- WHAT TO PRODUCE
Exactly reproduce the lines of the listing below from the one containing "This 10th anniversary" through the one containing "Сумасшедший маскот краснодарцев". Skip the images.

BEGIN EXTRACTED DATA

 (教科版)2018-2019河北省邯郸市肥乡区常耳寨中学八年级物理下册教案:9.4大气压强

END EXTRACTED DATA
BEGIN EXTRACTED DATA

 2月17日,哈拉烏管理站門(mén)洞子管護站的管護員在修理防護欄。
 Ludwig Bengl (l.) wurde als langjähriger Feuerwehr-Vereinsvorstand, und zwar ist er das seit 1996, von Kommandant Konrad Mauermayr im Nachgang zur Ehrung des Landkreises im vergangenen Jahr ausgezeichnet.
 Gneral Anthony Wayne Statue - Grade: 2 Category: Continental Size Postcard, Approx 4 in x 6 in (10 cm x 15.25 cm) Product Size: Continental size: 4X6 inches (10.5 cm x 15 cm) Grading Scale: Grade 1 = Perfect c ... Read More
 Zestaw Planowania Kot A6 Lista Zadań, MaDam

END EXTRACTED DATA
BEGIN EXTRACTED DATA

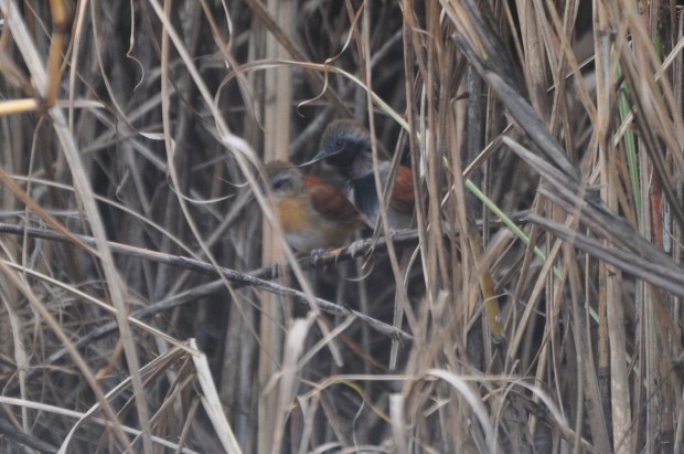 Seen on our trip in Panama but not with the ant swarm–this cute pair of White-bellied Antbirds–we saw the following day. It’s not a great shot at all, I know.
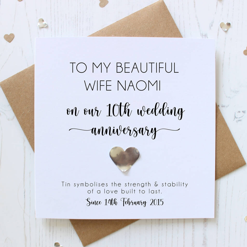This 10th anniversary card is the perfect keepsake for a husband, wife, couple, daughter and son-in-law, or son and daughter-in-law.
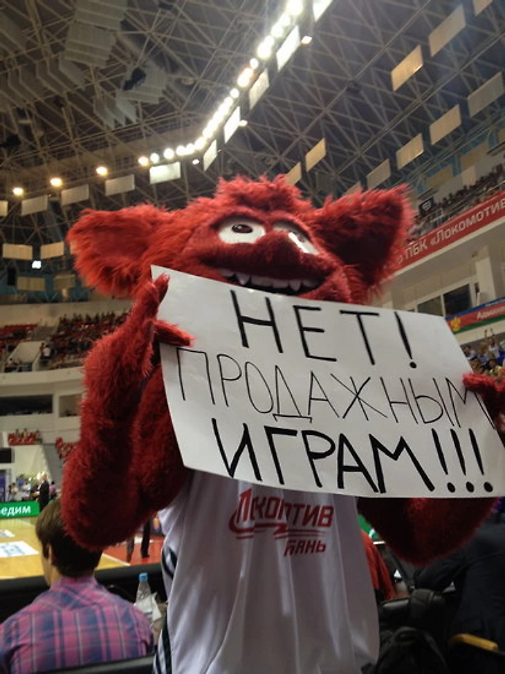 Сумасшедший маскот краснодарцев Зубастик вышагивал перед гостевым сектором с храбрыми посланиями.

END EXTRACTED DATA

- WRITTEN SOLUTION
This 10th anniversary card is the perfect keepsake for a husband, wife, couple, daughter and son-in-law, or son and daughter-in-law.
 Сумасшедший маскот краснодарцев Зубастик вышагивал перед гостевым сектором с храбрыми посланиями.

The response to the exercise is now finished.